▸ TASK DESCRIPTION
Each line of the data below should be restated exactly, with images left out.
AVAILABLE DATA START
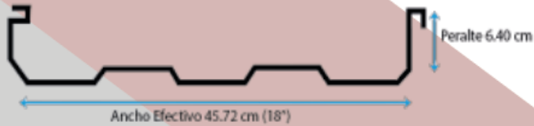
Lámina Pintro KR-18 de tipo SSR acanalado y engargolado.

Esta lámina es de fijación oculta mediante clips.
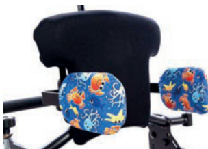
Funda higiénica para soportes laterales
AVAILABLE DATA END
▸ RESPONSE AREA
Lámina Pintro KR-18 de tipo SSR acanalado y engargolado.

Esta lámina es de fijación oculta mediante clips.
Funda higiénica para soportes laterales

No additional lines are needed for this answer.